Encyclopedic History (April 1996 | Volume: 47, Issue: 2)

Encyclopedic History

AH article image

Authors:

Historic Era:

Historic Theme:

Subject:

April 1996 | Volume 47, Issue 2

Lorraine Glennon, editor in chief , Turner, 713 pages .

CD-ROM (for Windows and Macintosh), Vicarious, Inc..

Here is a massive, well-researched, and handsome history of the century in a novel form, all in bits and pieces. Each year from 1900 to 1994 gets six or eight oversize pages, and into these pages are poured perhaps a dozen text blocks about people and events of the year (1947 includes the Marshall Plan, the invention of the transistor, the discovery of the Dead Sea Scrolls, Jackie Robinson, and Matisse’s last collages), photographs and illustrations, lists of births and deaths, and more. It works surprisingly well, partly because it is thorough, well written, and presented with graphic clarity and partly because of two added highlights. First, each year gets one page devoted entirely to a single document of the time, and the selections are uniformly imaginative and absorbing, including testimony in the Leopold and Loeb case and at the Nuremberg trials, Helen Gurley Brown’s definition of “the single girl,” and O. J. Simpson’s “suicide” note.
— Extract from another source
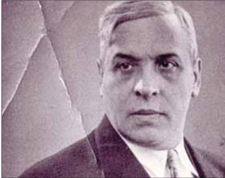
Aristides de Sousa Mendes foi Cônsul de Portugal em Bordéus

A France 2 exibiu na semana passada um filme sobre Aristides de Sousa Mendes e deu a conhecer a acção humanitária do diplomata português na 2ª Guerra Mundial. "Desobedecer" é o nome do filme, exibido na sexta-feira da semana passada pelo canal público de televisão, que aborda um pouco da
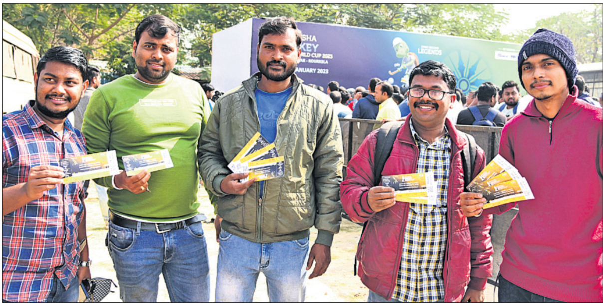
କଳିଙ୍ଗ ସ୍ୱାସ୍ଥ୍ୟ ନିକଟସ୍ଥ ବନ୍ଧୁ ଅଫିସରୁ ଚିକିତ୍ସା କରାଯାଇ ପରେ ହାଲୁକା ହେଲେ।

ଭୁବନେଶ୍ୱର, ୧୯୧୨ (କ୍ରୀଡ଼ା ପ୍ରତିନିଧି) ଭୁବନେଶ୍ୱର ଓ ରାଉରକେଲାରେ ୨୦୨୩ ଜାନୁଆରୀ ୧୩ରୁ ଆରମ୍ଭ ହେବାକୁ ଯାଉଥିବା ହଳି ବିଶ୍ୱକପ ପାଇଁ ଯୋଜନାକାରୀ ବନ୍ଧୁ ଅଫିସ ଚିକିତ୍ସା ବିକ୍ର ହୋଇଛି। ଅନୁଲୋଚନାରେ ଉପଲବ୍ଧ ସମସ୍ତ ଚିକିତ୍ସା ବିକ୍ର ସମସ୍ତଙ୍କୁ ବନ୍ଧୁ ଅଫିସରୁ ଚିକିତ୍ସା କରାଯାଇ ପାରେ। ଦର୍ଶକଙ୍କ ମଧ୍ୟରେ ଅନୁସାରେ ପରିଚାଳିତ ହୋଇଛି। ଭୁବନେଶ୍ୱର କଳିଙ୍ଗ ହଳି ସ୍ୱାସ୍ଥ୍ୟ ନିକଟସ୍ଥ ୮ ନମ୍ବର ରୋଡ୍ରେ ଚିକିତ୍ସା ପୋଲିସ୍ କ୍ଲିନିକ୍ ଗ୍ରାଉଣ୍ଡ ପଡ଼ିଆରେ ଖୋଲାଯାଇଥିବା ବନ୍ଧୁ ଅଫିସରେ ସକାଳୁ ଦର୍ଶକଙ୍କ ଭିଡ଼ ପରିଲକ୍ଷିତ ହୋଇଥିଲା। ରାଉରକେଲାର ବିଧିପୁଷ୍ପା ହଳି ସ୍ୱାସ୍ଥ୍ୟ ନିକଟସ୍ଥ ୬ ନମ୍ବର

Second, each decade is introduced with an essay by a prominent writer on a major historical theme. The first is the novelist D. M. Thomas’s graceful summing up of Freud; the last, the journalist and historian Taylor Branch’s broad reflections on freedom around the world in the 1990s. Perhaps the most impressive is the great British critic Stephen Spender’s portrait of 1930s totalitarianism, its seductiveness made palpable by his account of his own brief affair with communism.

The work is also available in CD-ROM form; the CD-ROM is thoughtfully put together and attractively produced and contains everything in the book plus the full text of The Columbia Encyclopedia , but it cannot replace the pleasures of a solid book that offers so much on every page.